Sorry, I got myself caught up in my own introduction. Those were in fact the first two scenes of this film and they got the tone just right for me. As I previously mentioned, I didn’t know anything about this film before watching it and, after watching those two scenes, I was educated very efficiently about this film, so much so that I could probably give you a mandatory plot summary for you right now. What’s that? You don’t really want one? Tough, Sonny Jim.

Colin Firth, in a role that he shouldn’t really be playing but plays it exceptionally well, plays Harry Hart, a Kingsman agent. What is Kingsman? You may be asking. Kingsman is an agency started by rich people after the war who wanted to make a difference. There are about 20-ish agents and, whenever one dies, their replacement is selected via a selection process in which each remaining agent chooses a candidate who must take part in a series of tasks until there is only one remaining, who will officially become a Kingsman agent. Kingsman specialise in saving the world.

The film centers on Eggsy, the delinquent son of a secret Kingsman agent who died saving Hart. After getting arrested for stealing his mum’s boyfriend’s son’s car and going on a joy ride, Eggsy rings the number on the medal that Hart gave him as compensation for his loss. After he is mysteriously released, he meets Hart. After witnessing Hart kick some ass, Eggsy returns home to find his mum’s boyfriend threatening him with a knife. Little did he know, Hart planted a device on Eggsy that meant he knew what his mum’s boyfriend had done. Hart ordered Eggsy’s mum’s boyfriend, who I’m going to call Dean from now on because writing “Eggsy’s mum’s boyfriend” is effort, to let Eggsy leave. As Eggsy again meets Hart, Hart proposes he become a Kingsman agent, taking part in the selection process. Meanwhile, SLJ is up to no good.

I could’ve specified what SLJ’s been up to but that would take away the surprise! I also can’t be assed, but don’t let that deter you.


SLJ be rockin’ the “I’m 67 and lovin’ it” look.

Now that plot is lovingly completed, we can talk about the more interesting subjects, like action, oh yes.

This film deserves to call itself an action-comedy because the action in this action-comedy is awe-inspiring. It seems as if every other scene has some sort of dismemberment in it. Visually, Kingsman is stunning, especially in these action sequences. There is no limit to the blood that director Matthew Vaughn can bring to your face, with fingers being blown off at some points and large wooden spikes being shoved up a racist, homophobic reverend at others. Paired with this like fine wine, the soundtrack to these sequences feel like a coked up serial killers Thursday playlist, that is not a bad thing.
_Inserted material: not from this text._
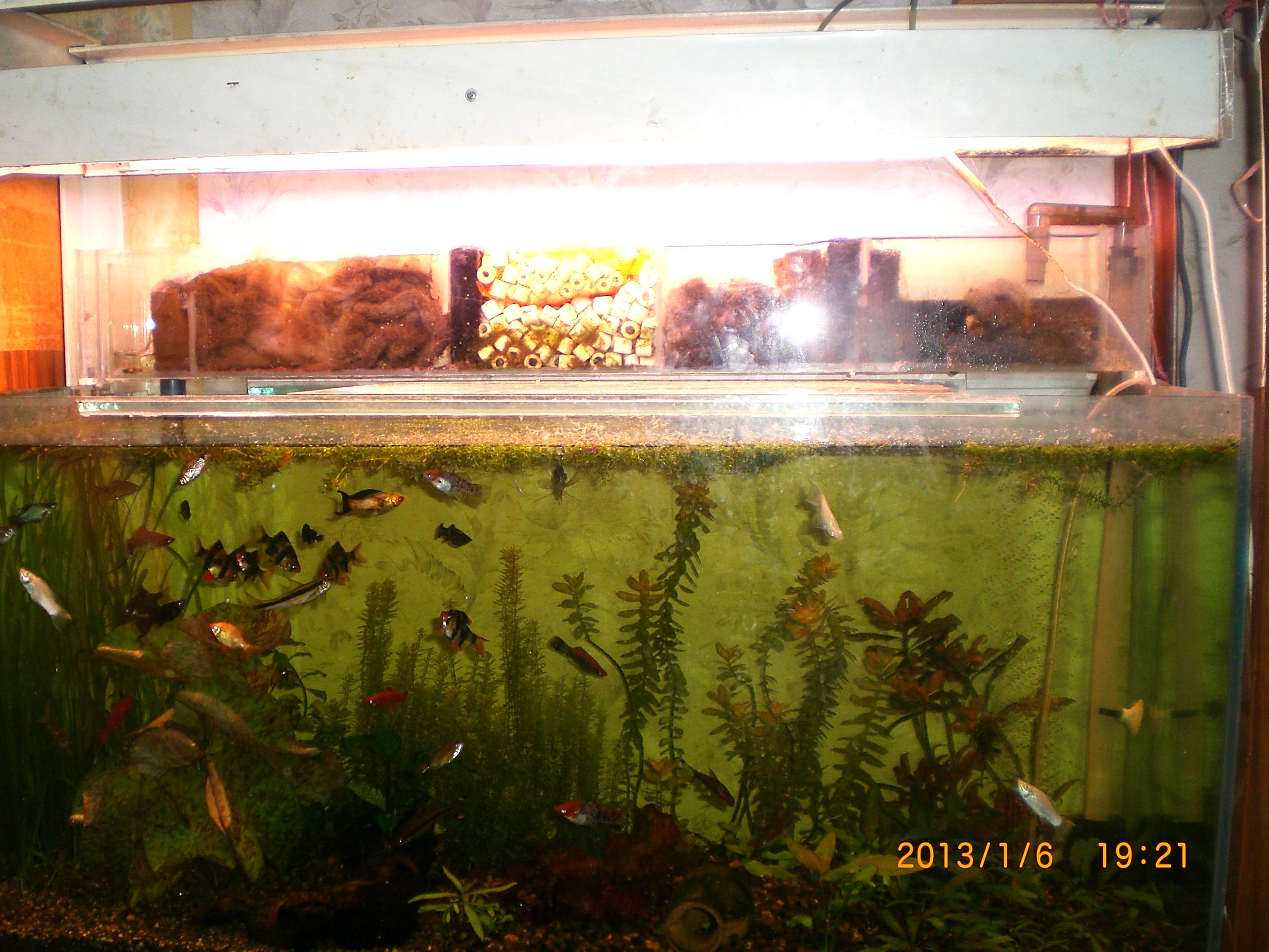 1. Фильтр обходится очень дешево. 2. Абсолютно безопасен от потопа, поскольку он установлен на аквариуме, то в случае протечки, вероятность которой крайне низка, вода потечет в аквариум, а не к соседям. 3. Удобен в обслуживании. Наполнители можно вытаскивать и мыть не выключая фильтр. 4. Так как данный фильтр открытый, в случае отключений электроэнергии, бактерии живущие в субстрате не задохнутся, как это произошло бы в канистровом внешнем фильтре. 5. Работает практически бесшумно. Но это пункт наверное во многом будет зависеть от удачного выбора помпы. 6. По качеству фильтрации намного превосходит канистровые внешние фильтры, про внутренние фильтры и говорить не стоит. 7. При необходимости легко превращается в фитофильтр. Это актуально для владельцев малавийских цихлид или золотых рыбок. Для многих может оказаться немаловажным вопрос эстетики. Но он решается просто. Фильтр можно обделать самоклейкой или пластиком и привести в цивильный вид. Если его встраивать в крышку, состоящую из нескольких съемных панелей, то тогда все еще проще. Сообщение отредактировал Барбус - 16.2.2013, 11:14 -------------------- Мир спасут красота и массовые расстрелы.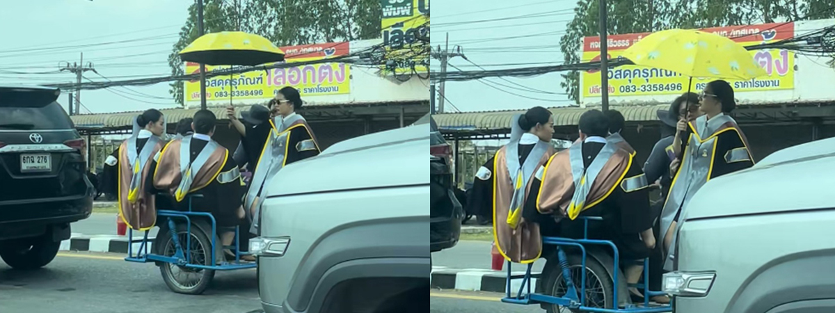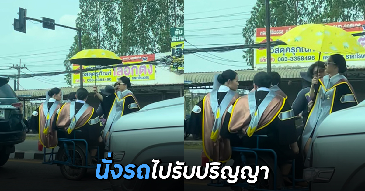 ผู้ใช้ TikTok @tak_der ได้เผยภาพน้อง ๆ นักศึกษาจากมหาวิทยาลัยมหาสารคาม ที่เพิ่งเรียนจบหมาด ๆ แต่งชุดครุยพร้อมเสื้อผ้าหน้าผมแบบจัดเต็ม นั่งรถซาเล้งไปเข้าพิธีรับปริญญา นอกจากจะสร้างสีสันบนถนนแล้ว ชาวเน็ตต่างพุ่งเป้าไปที่ยางรถ กลัวว่าจะไปไม่ถึงงาน ยางแบนจนต้องบอกให้ไปเติมลมก่อน

As previously mentioned, Colin Firth wasn’t exactly “born” to play Harry Hart, as it contrasts with virtually every other role he has played. It could seem as if Firth isn’t really cut out to be an action star, and if you think that, Colin Firth will probably come to your house and kill you stylishly with your own household objects, probably involving some sort of laceration or dismemberment, because you would be wrong. As well as mastering the tried and true sophisticated act he’s known for, Firth also brings an aura of sophistication when he burning people’s faces and smashing glasses also into faces. Let’s just say, if you are a bad guy in Kingsman, your face is not safe from something Colin Firth will dish out, take that in the most innocent way you can, please.
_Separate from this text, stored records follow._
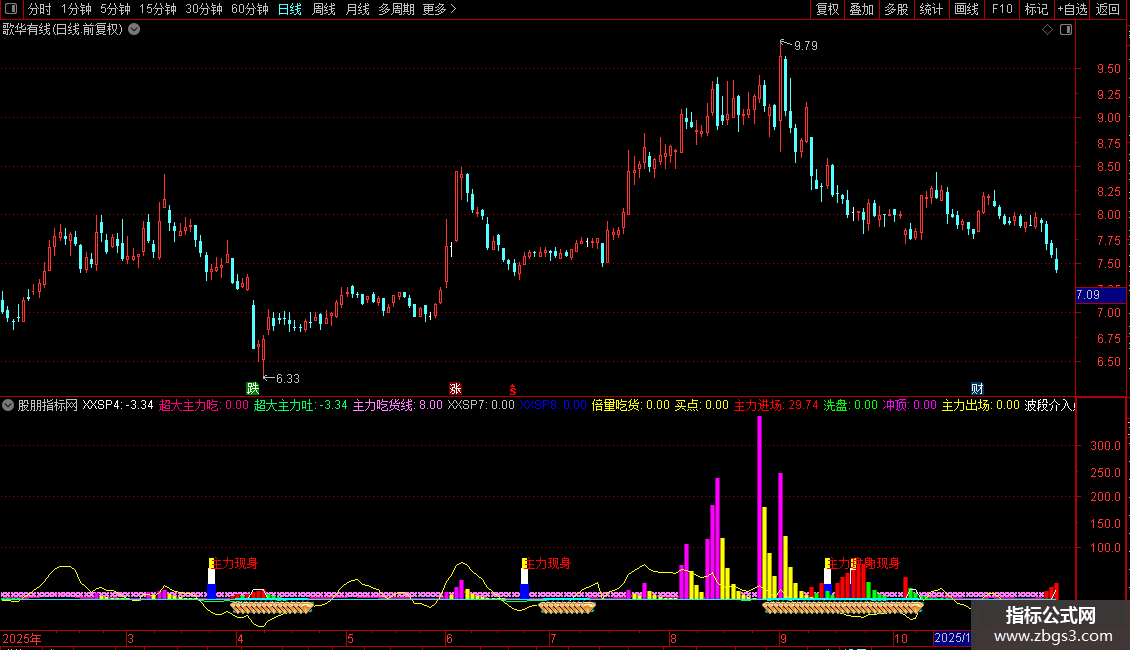 指标通过多维度计算识别主力资金动向。主要功能是监控主力买入、洗盘和出场信号:当出现"超大主力吃"突破、价格创新高伴随放量时,视为买入机会;当指标显示主力持续流出或价格高位滞涨时,提示风险。操作策略是跟随主力资金流向,在主力进场时买入,主力出场时卖出。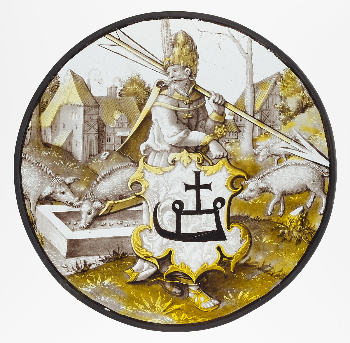 Roundel with Turkish Soldier holding an Arrow and Support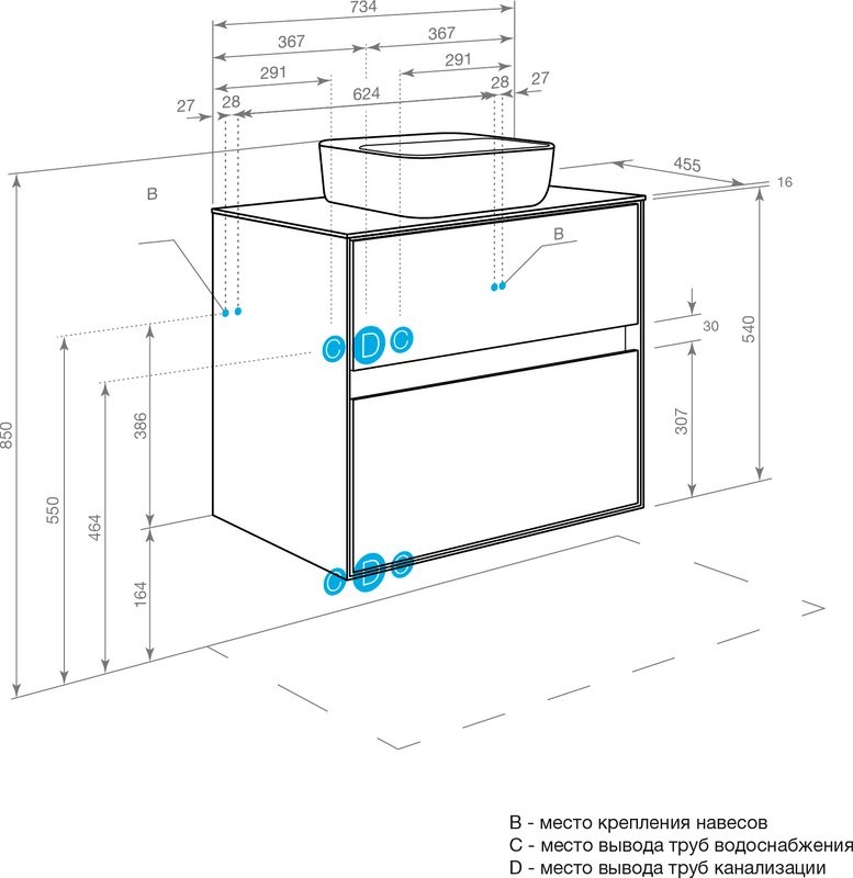 - Дополнительная информация: высота тумбы под вкладную раковину - 55 см (больше за счет опорных планок, которые нужно удалить при монтаже накладной раковины), под накладную - 54 см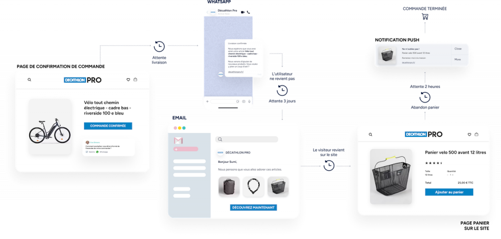 Utilisez les notifications Web Push, WhatsApp, les e-mails, et les SMS.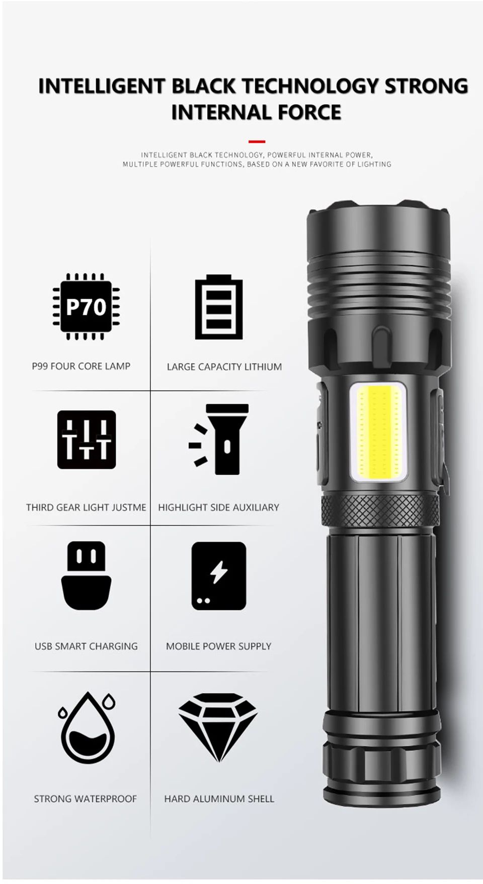 Алюминиевый фонарик XHP100 Коб 9-core светодиодный фонарик Powerban...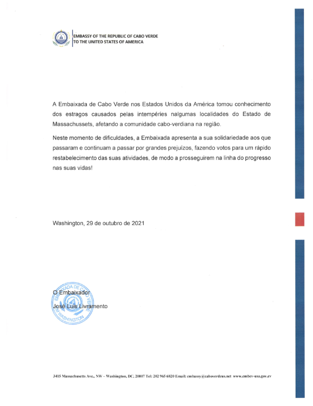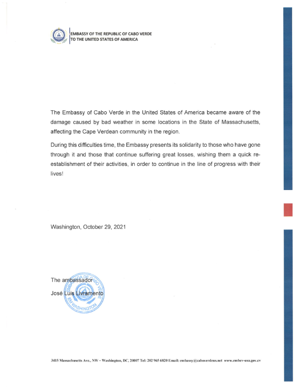 The Embassy of Cabo Verde in the United States of America became aware of the damage caused by bad weather in some locations in the State of Massachusetts, affecting the Cape Verdean community in the region.

Moreover, Taron Egerton also stands out as Eggsy. Where Firth brings the action, Egerton brings the comedy with his dumbfounded new view of all of the action that is suddenly happening around him. He remains true to his character throughout and has cheeky quips for every situation. Joining him in bringing the comedy, Samuel L. Jackson plays Richmond Valentine, the eccentric villain with a dastardly plan that I’m still not going to tell you about because I JUST cannot be assed, y’know? Please forgive me.

I think that’s it. Time for a summary.

Kingsman is really good. I actually can’t think of a bad word to say about it. For what it is, an action-comedy about spies, there is awesome action, genuinely funny moments and plenty of spy-like things going on. It is the perfect action-comedy.